Холоп-ополченец. Книга 1 — страница 48 из 56

– Ты, Михалка? – спросил он, усмехнувшись. – Отколе бог принес?

– С Тулы я, – ответил Михайла. – Да ты-то как сюда попал? В полон, что ли, забрали? А Марфуша где?

Степка нетерпеливо передернул плечом.

– Нет мне время. Слыхал, государь в горницу требует. Попоздней заходи, коли хошь. Сюда вот. Спросишь, где сокольничья горница.

Говоря это, Степка поднялся на верхнюю ступеньку, открыл дверь, переступил порог и, раньше чем Михайла успел ответить хоть слово, плотно захлопнул за собой дверь.

Михалка стоял посреди двора и, задрав голову, растерянно смотрел на запертую дверь.

– Михалка! – раздался над его ухом знакомый голос, и дружеская рука хлопнула его по плечу. – Ты чого тут робишь? – спросил Гаврилыч. – А я тоби шукав, шукав, насилу найшов. Ходим до нашого куреня.

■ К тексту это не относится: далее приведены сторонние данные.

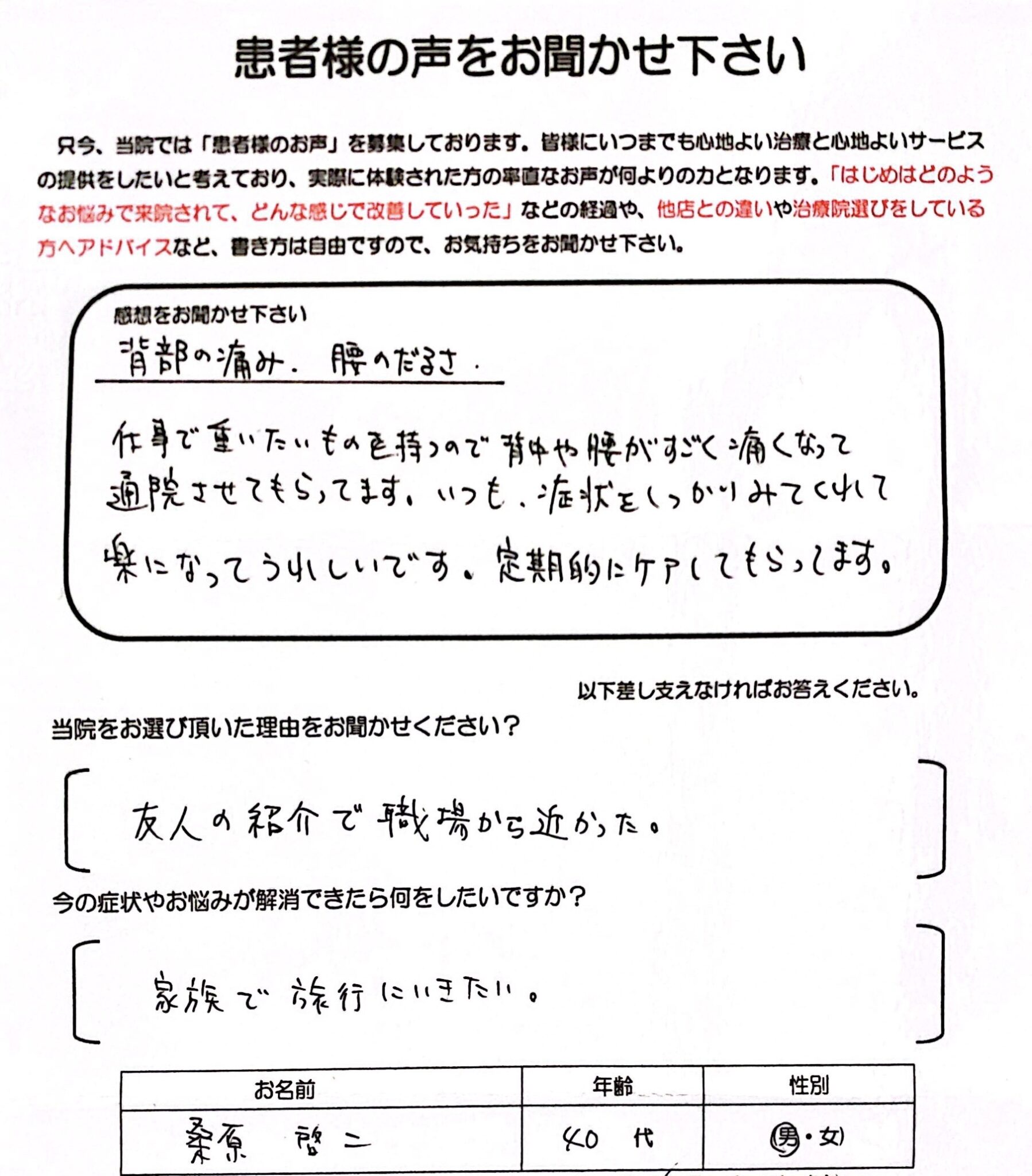 仕事で重たいものを持つので背部や腰がすごく痛くなって通院させてもらっています。症状をしっかりみてくれて楽になってうれしいです。定期的にケアしてもらってます。
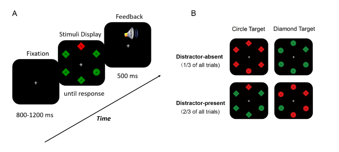 在該研究中,研究人員利用高時間分辨率腦電技術(shù)結(jié)合特定設(shè)計(jì)的視覺搜索范式,用以區(qū)分注意的不同階段,有利于厘清焦慮相關(guān)的注意損傷機(jī)制。研究人員隨機(jī)招募66名健康受試者,并通過量表測量他們的特質(zhì)焦慮水平(長期的焦慮傾向)和狀態(tài)焦慮水平(當(dāng)前的焦慮程度)。在實(shí)驗(yàn)中,科研人員采用了中性幾何刺激的視覺搜索任務(wù)(見圖1),讓受試者在一圈幾何圖形中搜索一個形狀不同的目標(biāo)(例如菱形中的圓形),并盡量忽視可能出現(xiàn)的顏色干擾,同時用高時空分辨率的128通道的腦電設(shè)備來記錄受試者的腦電信號。
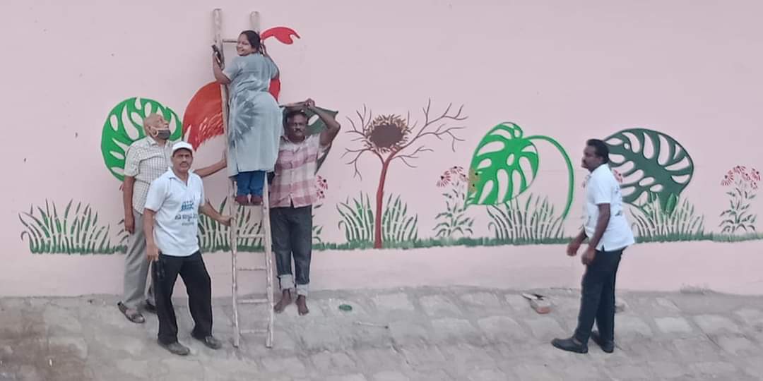 100 మీ గోడపై పుష్ప చిత్రాలు, నినాదాలు వ్రాసారు. దారిన వెళ్ళేవారందరికీ అకర్షిస్తున్నాయి.
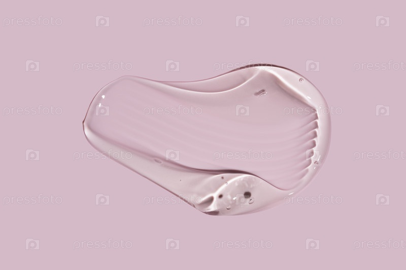 Близкий снимок розового жидкого косметического геля или макияжа из сыворотки с глянцевой, блестящей текстурой на гладном розовом фоне
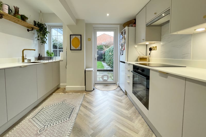 Accommodation comprises; a spacious living room complete with a log burning stove, herringbone patterned flooring and sliding sash windows with fitted shutters. The living room opens to a large dining room where the herringbone flooring flows through and the stairs to the first floor are. Adjacent to the dining room is a modern, contemporary style kitchen with composite stone worktops, and integrated appliances including; dishwasher, fridge/freezer and washing machine. There is also a double glazed door leading to the secluded rear garden.
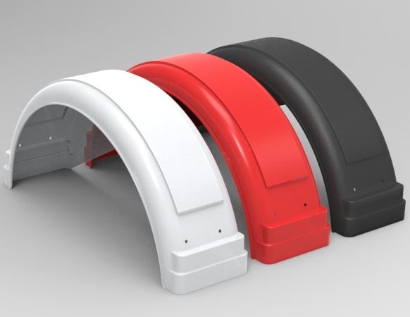 Эластичное и прочное крыло из пластика для прицепов, оснащенных колесами с дисками 13 и 14 дюймов Имеет симметричную форму, то есть может быть установлено с любой стороны прицепа.
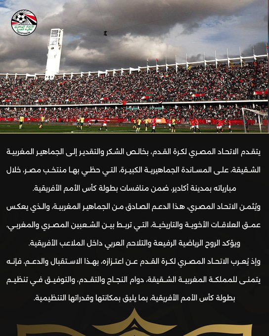 وقال اتحاد الكرة المصري بعد المباراة في بيان عبر حسابه على منصة "إكس"، إنه يتقدم بخالص الشكر والتقدير إلى الجماهير المغربية الشقيقة، على المساندة الجماهيرية الكبيرة، التي حظي بها منتخب مصر، خلال مبارياته بمدينة أكادير، ضمن منافسات بطولة كأس الأمم الإفريقية.
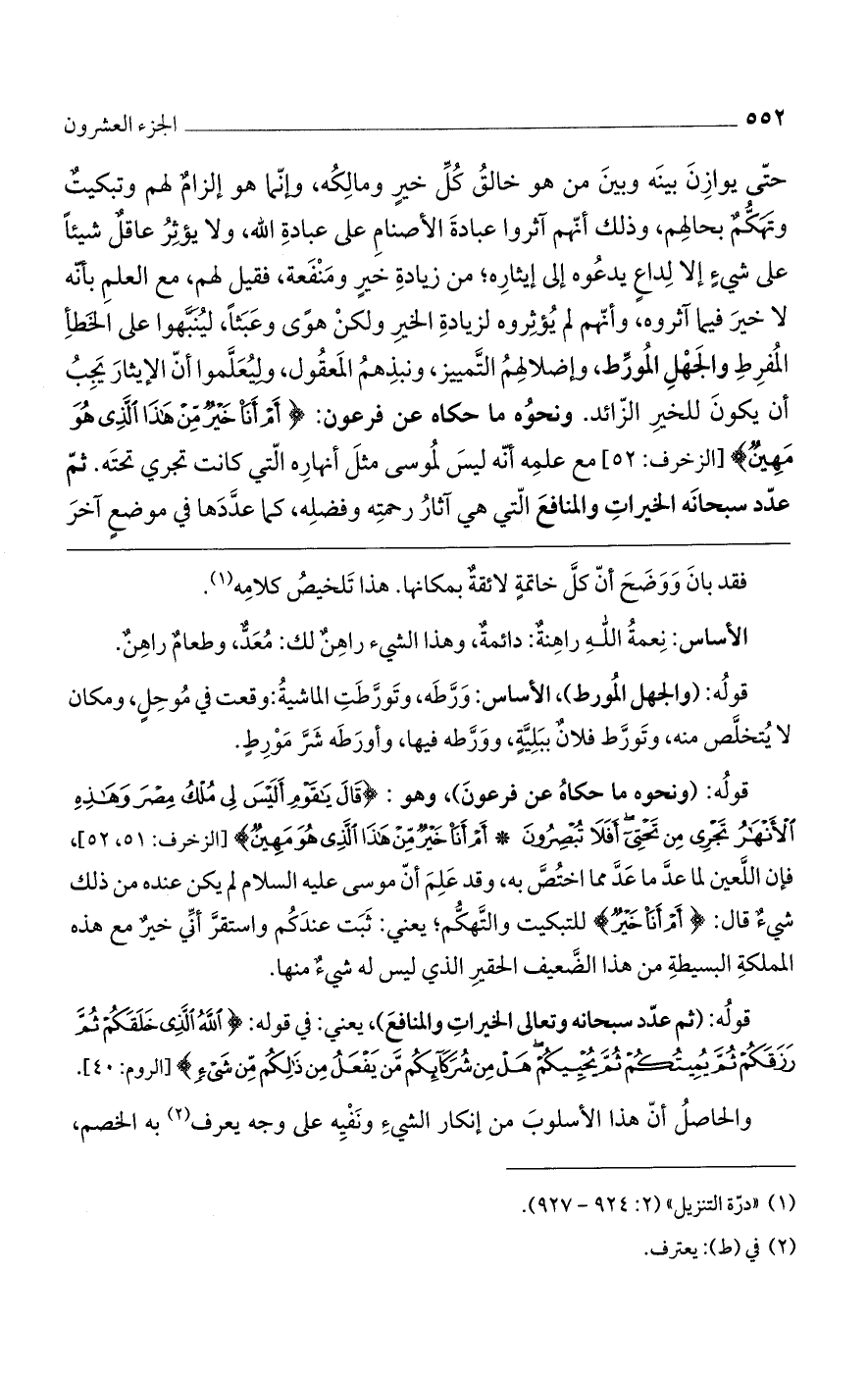 قوله: (ونحوه ما حكاه عن فرعون)، وهو: {قَالَ يَا قَوْمِ أَلَيْسَ لِي مُلْكُ مِصْرَ وَهَذِهِ الْأَنْهَارُ تَجْرِي مِنْ تَحْتِي أَفَلَا تُبْصِرُونَ (51) أَمْ أَنَا خَيْرٌ مِنْ هَذَا الَّذِي هُوَ مَهِينٌ} [الزخرف: 51، 52]، فإن اللعين لما عد ما عد مما اختص به، وقد علم أن موسى عليه السلام لم يكن عنده من ذلك شيءٌ قال: {أَمْ أَنَا خَيْرٌ} للتبكيت والتهكم، يعني: ثبت عندكم واستقر أني خيرٌ مع هذه المملكة البسيطة من هذا الضعيف الحقير الذي ليس له شيءٌ منها.

– Постой, Гаврилыч. Мне и самому с тобой поговорить надо, – отвечал Михайла. – А только тут один парень с нашей стороны. Дело у меня до него. Он велел попоздней сюда прийти.

– Та який хлопец?

– Сокольничий царский, – пробормотал Михайла, не глядя на Гаврилыча.

– Сокольничий? – удивленно протянул тот. – Хиба ж ты?.. – но он не договорил.

Михайла стоял, опустив голову, и молчал.

– Та я того сокольничого знаю, – сказал Гаврилыч, – Печерица тим разом сказывав, вин, як у царя вечеряють, усе позадь царицы стоить и с соколом. Царице з поварни сырого мяса в чашке несуть, и вона дае соколу. Пийдемо, не за́раз вин вертаться буде.

Михайла махнул рукой.

– Нет, Гаврилыч, и не зови. С ума не идет, что у нас там в наших краях. Може, их всех там побили. Два года я никого с тех мест не видал. Посижу я тут, а как воротится, поспрошу его. У него и пересплю, а наутро разыщу тебя. Ты мне скажи, где вы тут стоите?

Гаврилыч вывел Михайлу на улицу за ворота.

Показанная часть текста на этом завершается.